Past cost structures created our current electric industry organization. We use central station generation and a large network of transmission and distribution to deliver power to ultimate consumers. Technological change assaults this paradigm with new cost structures.

New ways of generating, storing, and minimizing the use of electricity creates opportunities for many new businesses. Most of these businesses will fail, but when just a few of them succeed, the industry will not be the same. Despite legal and regulatory bulwarks built by incumbent companies, new cost structures will drive electric industry structure, just as has happened in telecommunications where landlines are vanishing.

The ultimate test for any new cost structure is total cost at the point of use. If it is cheaper to save a kilowatt-hour then it is to buy it, consumers will save instead of buy. If it is cheaper to generate, or generate and store, kilowatt-hours at the point of use than to buy them from someone else, consumers will do that instead.

As it turns out, costs are falling for technology for generating at the point of use, storing electricity, and minimizing use. At the same time, equipment replacement and new capabilities are increasing the unit prices for most parts of the existing paradigm. Will new approaches become cheap enough to upend our current industry structure?

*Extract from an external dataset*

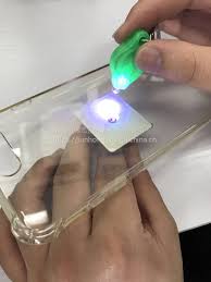 饰品用无影胶(UV胶),如:硅胶按键,各种金属的标牌与徽章,高档钮扣等各种工艺品表面的披覆与滴胶,同样与环氧体系的一样也有软胶与硬胶之分,但主要不同的就是无影胶耐黄变,紫外线光固化,速度快,效率高等特点。
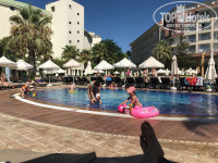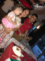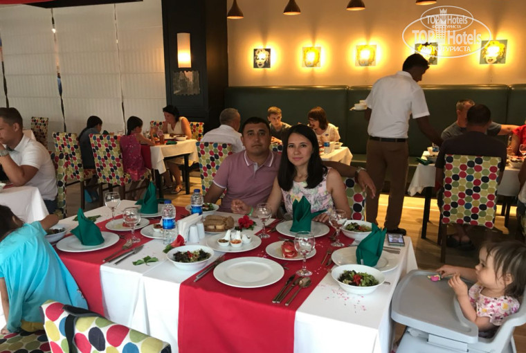 Доброго времени суток. Отдыхали мы с семьей: я, муж и двое маленьких детей 4 и 1,6 года.По приезду заселились в 11.30 ч. утра в наш номер с чудесным видом на бассейны и море! Питание здесь более менее разнообразное. На завтрак: омлеты, яйца вкрутую, панкейки, каша рисовая. На обеды из мяса: курица, рыба, баранина, кебаб.Еды полно. Из фруктов: яблоки, апельсины, инжир, виноград, персики, арбуз, дыня, груши.Соки малышам лучше брать с собой. у младшей дочки тоже пошла аллергия на эти соки из автомата(а все привезенные запасы были выпиты в первые два дня).Пляж хороший.Минусом было неспокойное море.Большие волны. Дети боялись заходить. Они предпочитали купаться в бассейне. Вход в море относительно резкий. Через 2 м. уже глубоко.Но это к отелю не относится.При отеле есть спа-процедуры.Мне лично все понравилось.Из анимации: для детей каждый день вечером дискотека.с 21.00 до 21.30 ч.Далее до 23.00 анимация для взрослых. Была пенная вечеринка у бассейна. Один раз была мексиканская тематика на ужин. У входа в ресторан стояли мексиканцы. Пели , танцевали. Наливали текилу и в ресторане в тот вечер была мексиканская кухня. Выбрали посещение ресторана а-ля карт с итальянской кухней. Неплохая кухня. Там же я отмечала свой день рождения. Туда и вынесли торт для меня со свечками. Всем именинникам сервируют стол и выносят торт.Отель по общим впечатлениям на твердую четверку. Рекомендую для семей с маленькими детьми или более старшему поколению.

Future posts will look at the prospects of each of the main functional areas: generation, transmission and distribution, and electric demand. For now, though, let’s list some of the items that create the cross currents:

  1. Central station generation continues to be capital intensive and expensive, especially as climate change and concern with nuclear safety raises costs.
  2. Transmission and distribution (T&D) already makeup over half of the ultimate customer’s bill and with smart grid and scheduled T&D upgrades these costs will increase significantly.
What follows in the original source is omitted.